I'm going to have to agree with majority of users here. It sounds like the macbook is suitable for you. Unless you need a better video card, bigger screen, or a matte screen. I wouldn't really bother with a MBP.

Personally, I chose a MBP over the macbook due to the screen size, and I hate glossy screens (too much glare). There are a lot of extra's with the MBP, but if you don't need them, its a waste of money to get one. I'll try to list most of them for you.
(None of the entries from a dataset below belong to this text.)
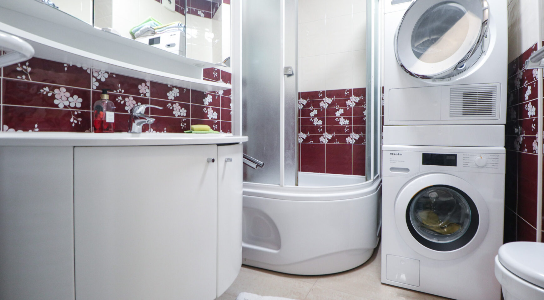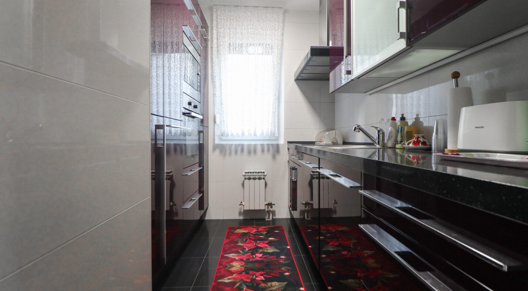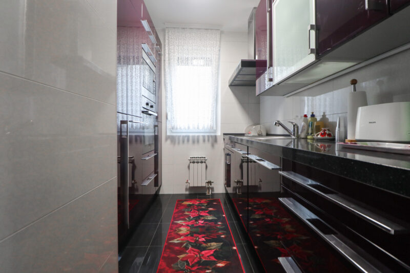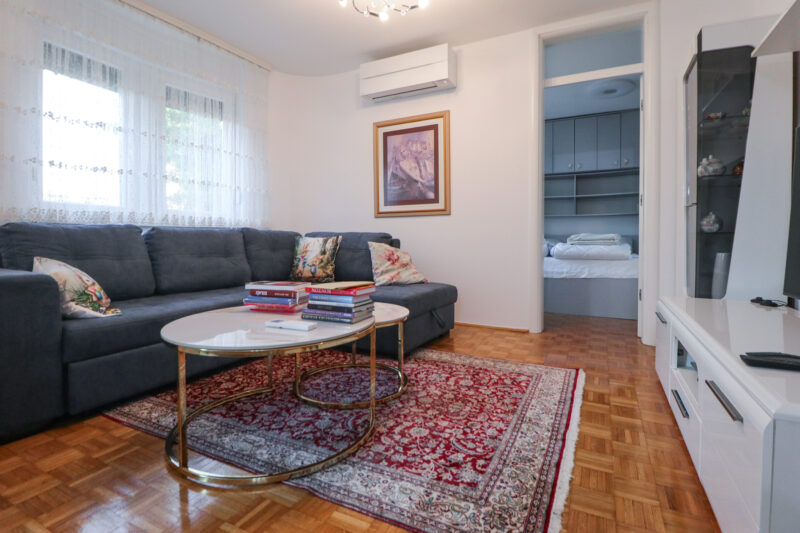 Veoma je uredan i prozračan, orijentiran na sjever i zapad. Površine je 75 m2, a sastoji se od ulaznog hodnika, prostranog dnevnog boravka s blagovaonicom, potpuno opremljene kuhinje, tri spavaće sobe, toaleta, kupaonice te dvije zatvorene lođe. Izlazak na lođe je iz dnevnog boravka i master spavaće sobe. Stanu također pripada i podrumsko spremište.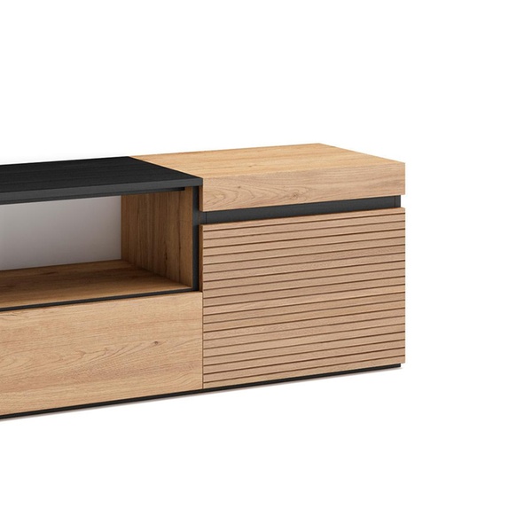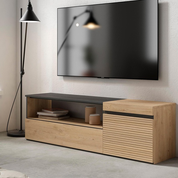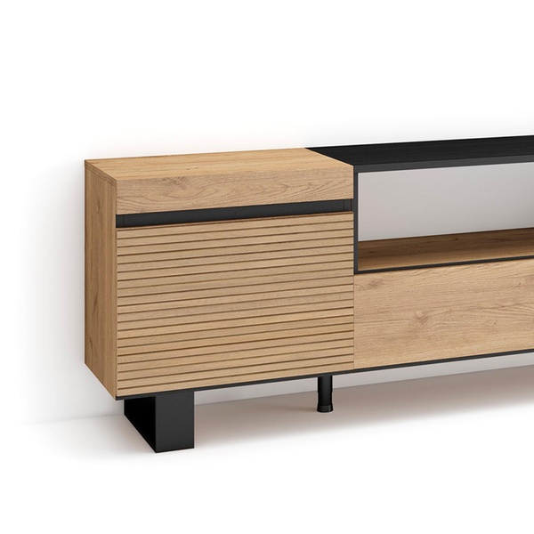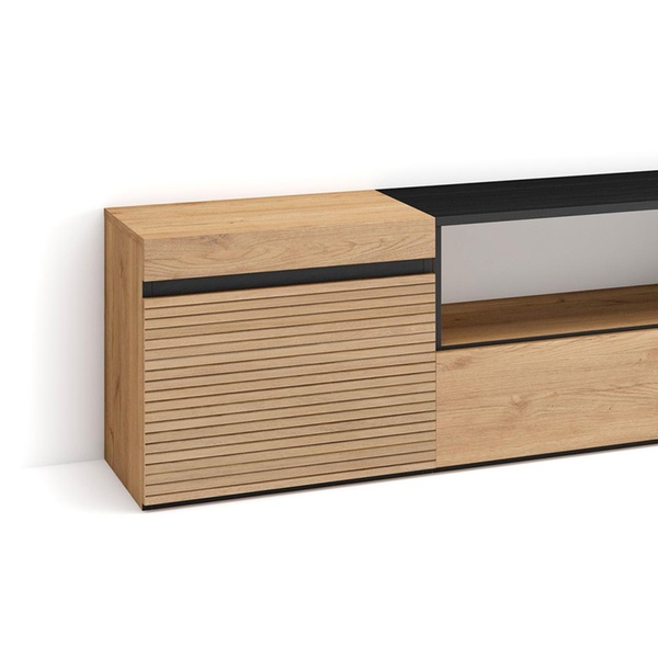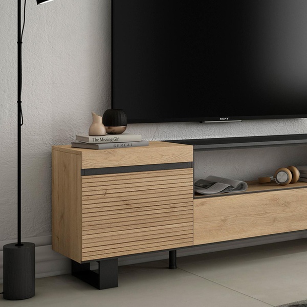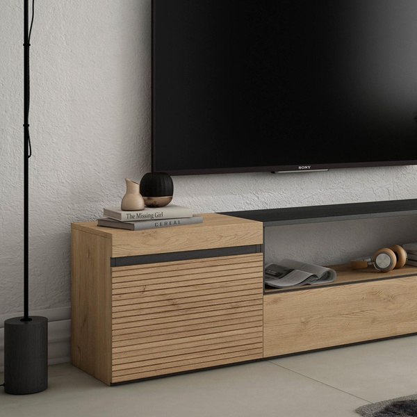 - Due moduli TV con anta e dettaglio a righe, ampia capacità di contenimento. Dimensioni di ogni modulo: 51 cm larghezza, 45 cm altezza, 35 cm profondità.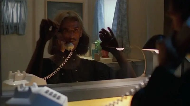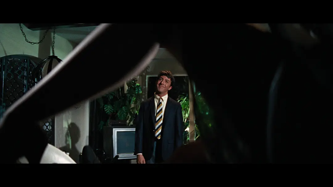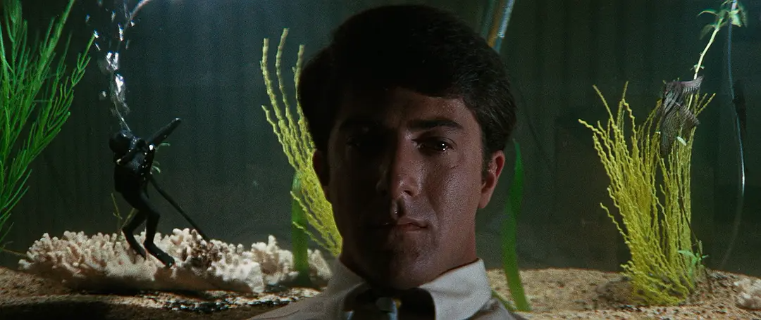 不同的寓意总是会出现在你对构图的选择上。如果在框架式构图中,画面中的主体与框架看起来比较紧而且受约束,这可能会使画面产生幽闭恐惧的压迫感。在上面图中,我们看到Ben(由达斯亭霍夫曼扮演)坐在鱼缸前。大学毕业后,他试图弄清楚自己的生活到底该怎么办。注意在鱼缸中里的海藻如何在Ben的头部周围形成一个封闭的框架。这种海藻可以看作是Ben焦虑的隐喻。鱼缸中的小人用鱼叉在Ben的头上增加了一个特殊的滑稽感。Ben的父亲入画,头部遮住了浴缸中的小人,并在画面内创建了第二个更加压迫的框架。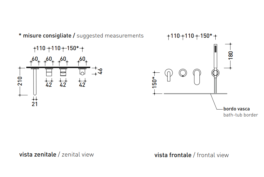 Concealed bath set with spout, mixer and handshower
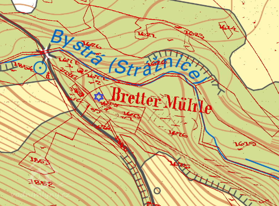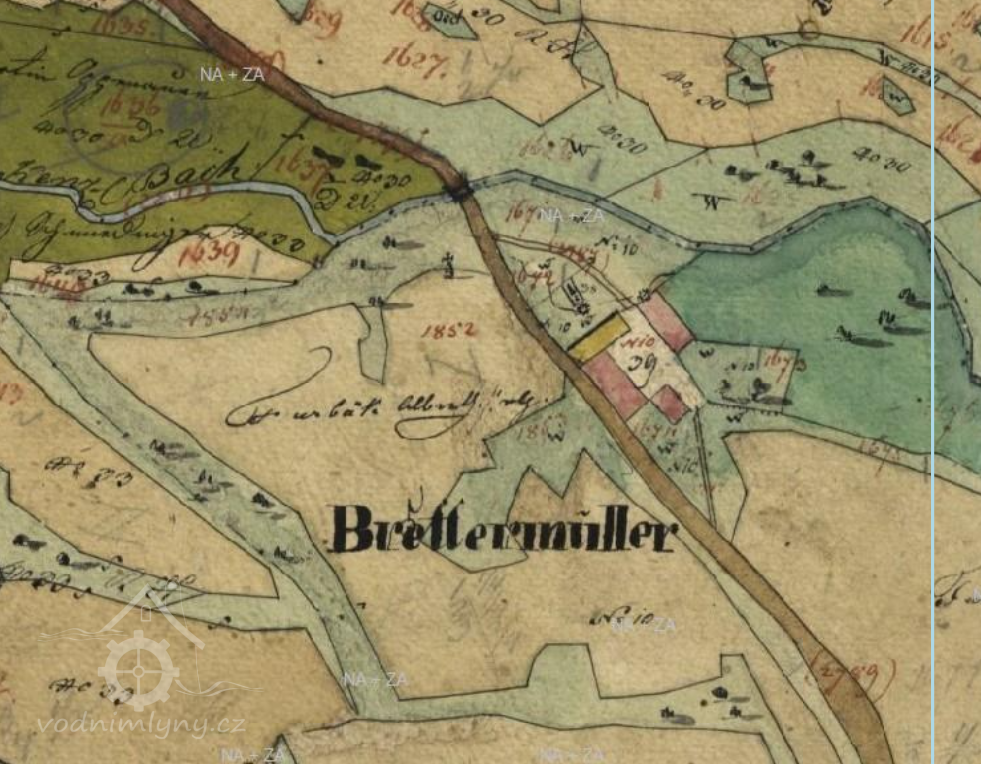 Mlýn a pila na potoce Bystrá , stavení čp.10, patřící rodu Dräxler.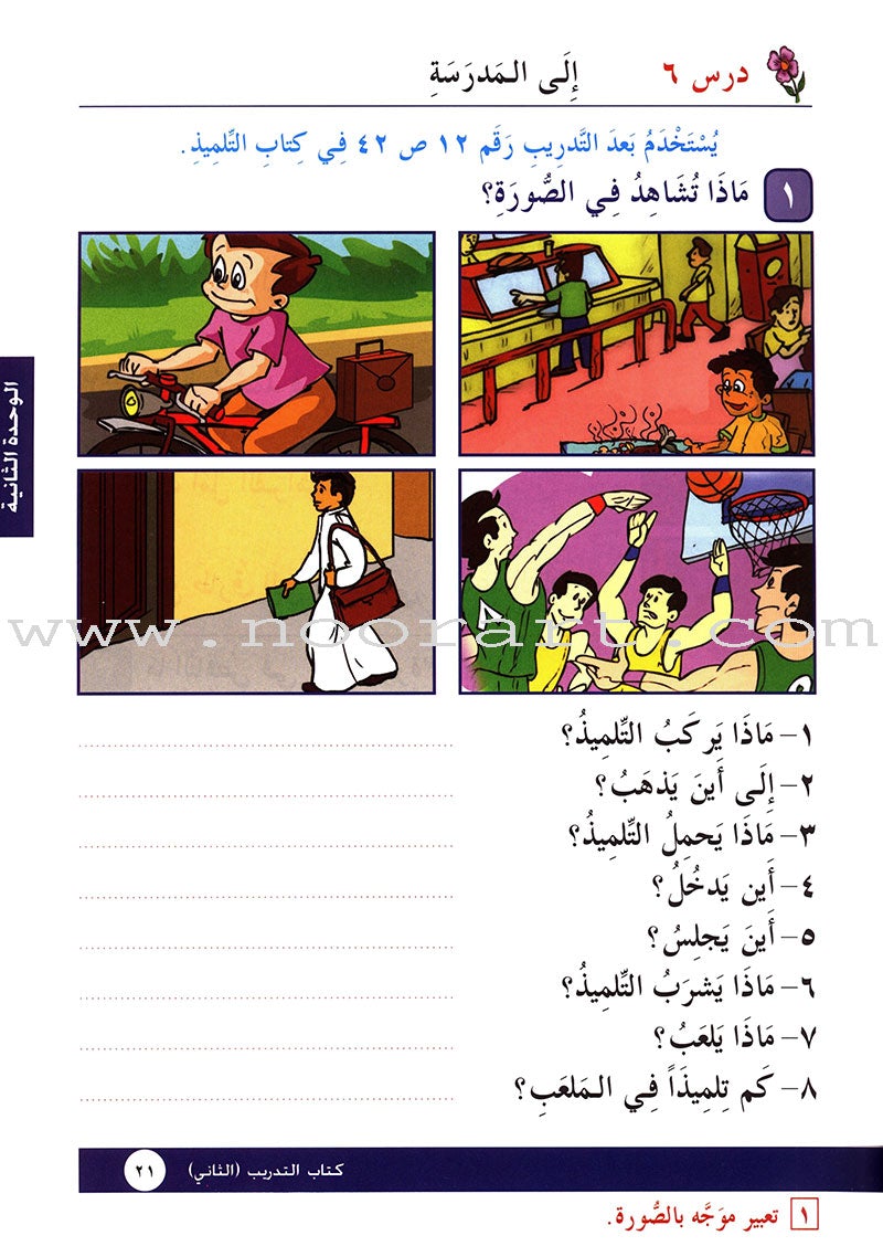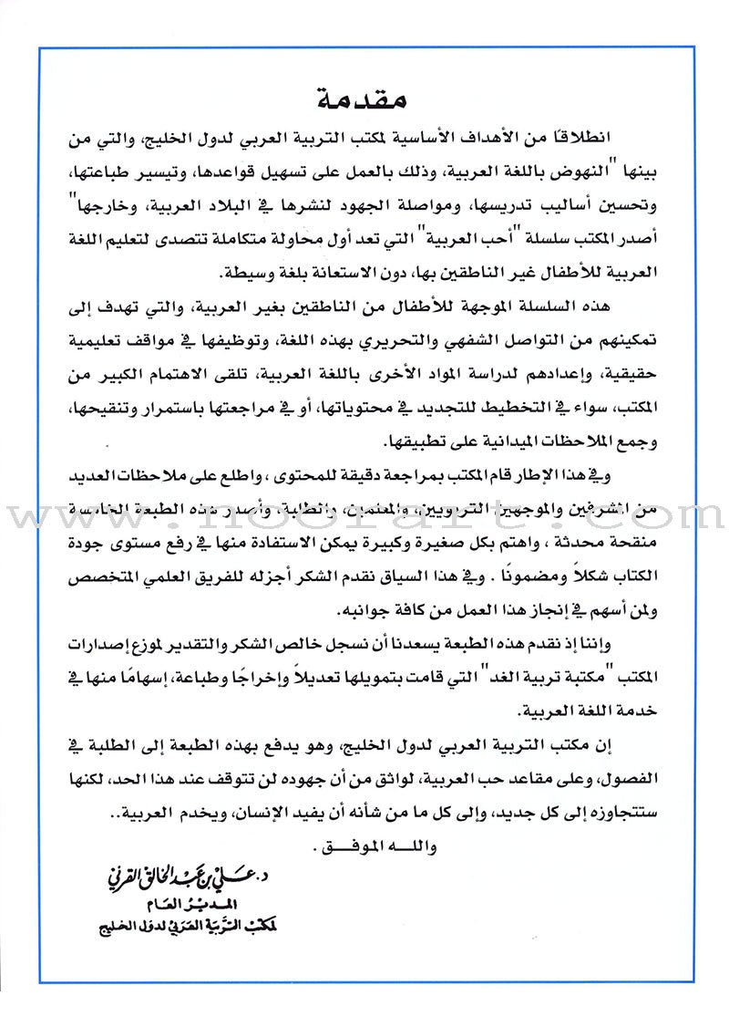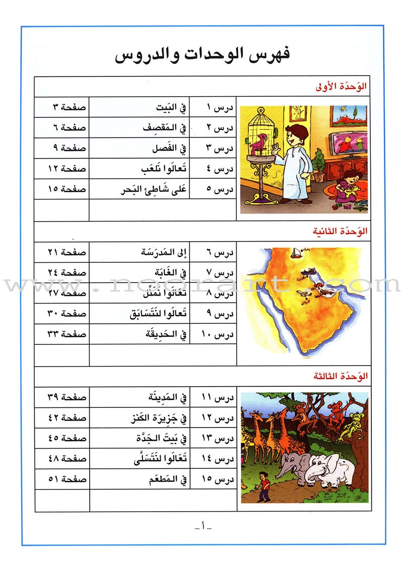 The series displays the vocal system of the Arabic language in its different phenomena. It presents vocabularies that are common in an Arabic dictionary for children. It also features 4,300 words and it concentrates on pictorial concrete vocabulary in the first two books. The series provides the student with a number of basic linguistic structures (about 500 structures). Each lesson contains a specific number of structures and expressions. The lessons gradually advance and each principle is revisited from one lesson to the next. It also includes the entirety of the Arabic syntax rules in the levels (fifth- twelfth) and combines application with practical training based upon theoretical rule.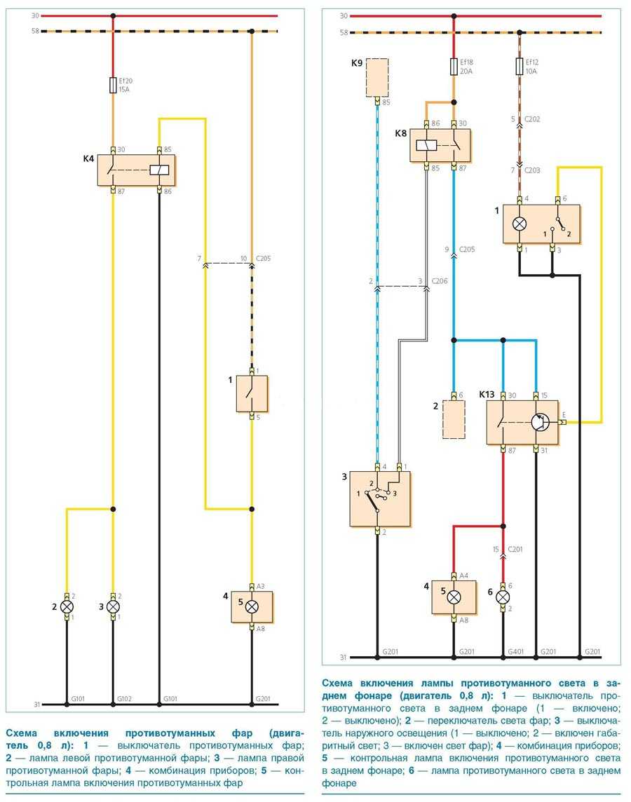 Электросхема Daewoo Matiz 0,8 литра для включения противотуманных фар и противотуманок в заднем фонаре: Такие неисправности обычно связаны с некорректной работой АКБ или генератора, реже — дополнительных устройств. М и второго М?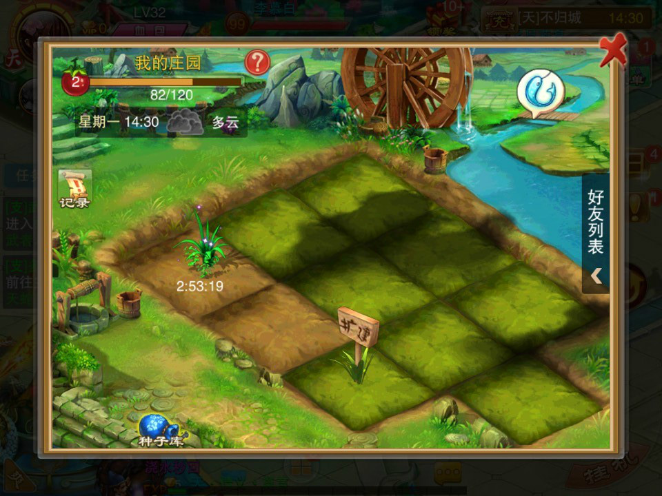闯荡江湖太久,是不是会感到很疲惫呢?没关系,该游戏中,有一个地方在你累了的时候是一个很好的“归宿”,它便是——庄园系统。在该系统中,种种菜,钓钓鱼,是不是你们所想要的田园生活?轻轻松松播种,然后获取经验以及银两,也是一个很好的升级赚钱之道啊。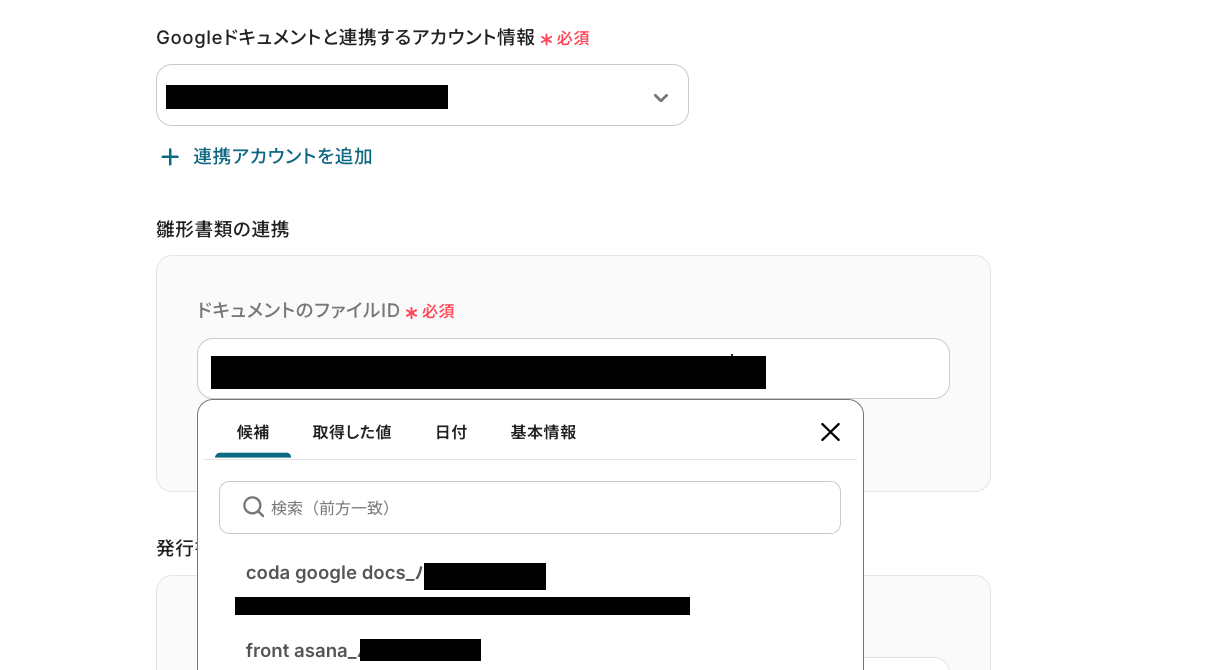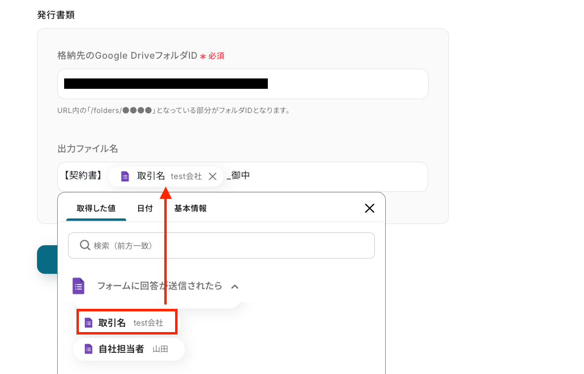 - 書類発行機能では、任意の雛形書類に、Googleフォームで取得した値を変数として埋め込めます。また、書類名や保存先のフォルダも自由に設定可能です。

-Bigger screen, higher resolution, choice of glossy or matte screen (personal opinion)
-Full lit normal keyboard (I don't like the keys on the macbook, even if they were lit)
-Express card slot, Firewire 800
-Full DVI connector (no dvi adapter required)
-Better video card

If its not important to have these features, don't bother with the MBP. Stick with the macbook. Its probably the best time to get a macbook now, since they just updated it.


----------



## bmovie (Jan 18, 2003)

phuviano said:


> -Bigger screen, higher resolution, choice of glossy or matte screen (personal opinion)
> -Full lit normal keyboard (I don't like the keys on the macbook, even if they were lit)
> -Express card slot, Firewire 800
> -Full DVI connector (no dvi adapter required)
> -Better video card


you basically pointed some important features, I'm going with the PRO model at this point....thanks all for your advice/input, this really helped me out to make my decision.


----------



## The Great SNAFU (Jan 12, 2005)

*MacBookIshIsh..............*

I had posted on here about info on the new Intel Integrated Graphics in the new MacBook. Not much info on the web about it. I, like you, was toying between the MacBook and the Pro.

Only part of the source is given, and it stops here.